Given data:
----

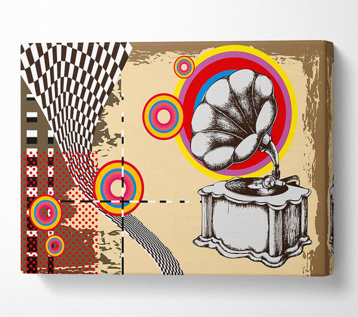Old Record Player Canvas Print handmade in the UK. Stretched over a 2 inch thick wooden box frame, ready to hang on your wall.
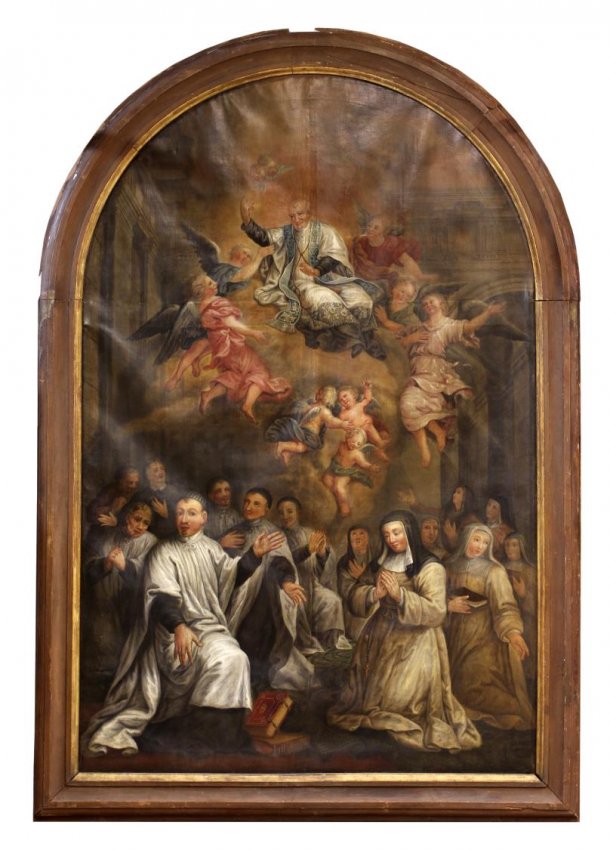 Painted from engraving, probably for altarpiece; original in church of Bourg-la-Reine, France
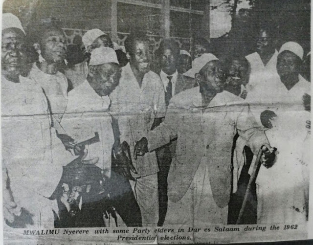 Waliosimama nyuma ni Bantu Group kikundi cha walinzi wa viongozi wa TANU na wahamasishaji na nyuma yao wa kwanza mwenye shati jeupe ni Ali Msham mzalendo wa kwanza kufungua tawi la TANU Magomeni Mapipa 1955
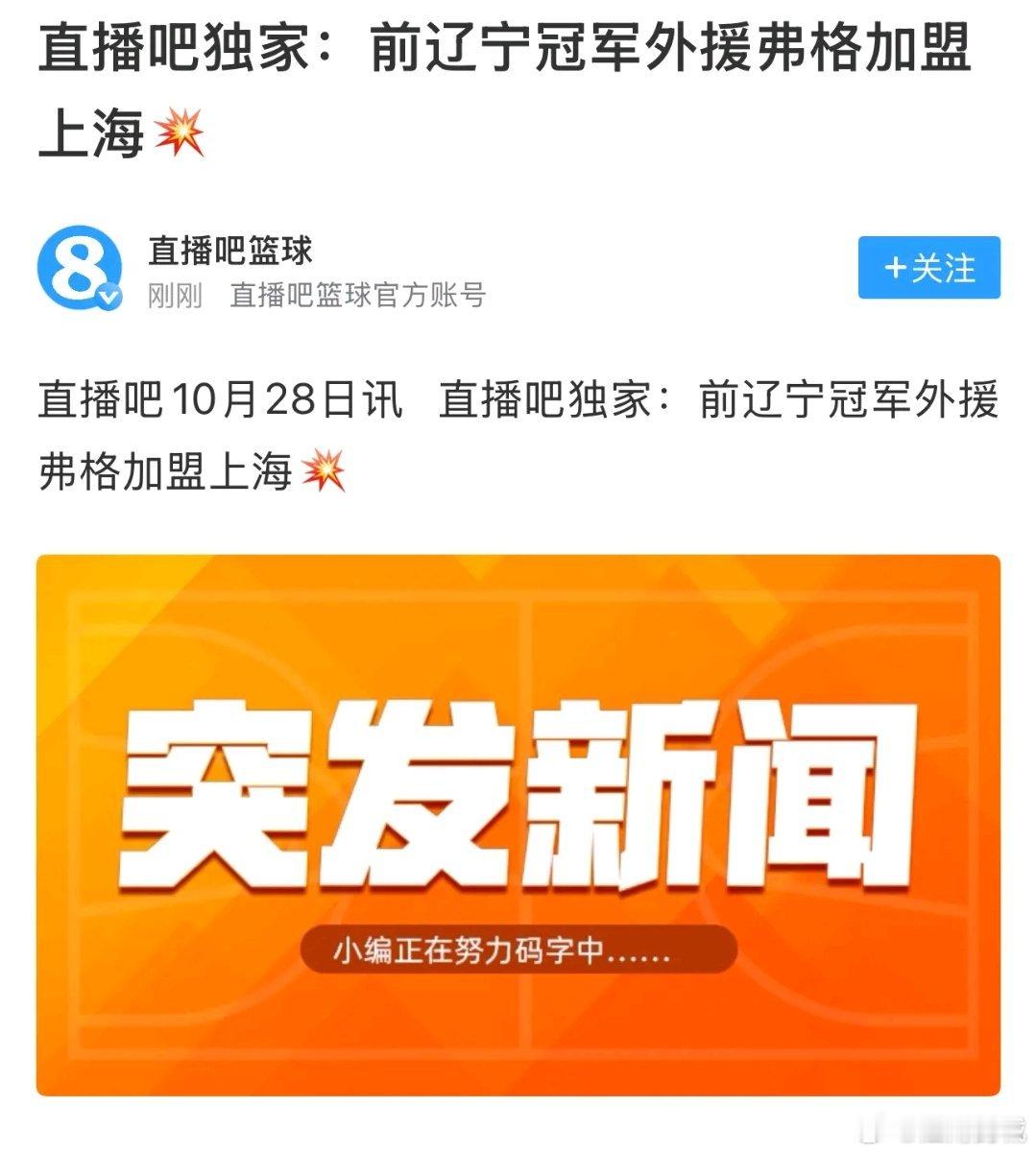 据直播吧报道,前辽宁男篮外援弗格加盟上海大鲨鱼。cbacba30年

----

Description of the task: Write out all the material verbatim, images excluded.

Exercise response:
Old Record Player Canvas Print handmade in the UK. Stretched over a 2 inch thick wooden box frame, ready to hang on your wall.
 Painted from engraving, probably for altarpiece; original in church of Bourg-la-Reine, France
 Waliosimama nyuma ni Bantu Group kikundi cha walinzi wa viongozi wa TANU na wahamasishaji na nyuma yao wa kwanza mwenye shati jeupe ni Ali Msham mzalendo wa kwanza kufungua tawi la TANU Magomeni Mapipa 1955
 据直播吧报道,前辽宁男篮外援弗格加盟上海大鲨鱼。cbacba30年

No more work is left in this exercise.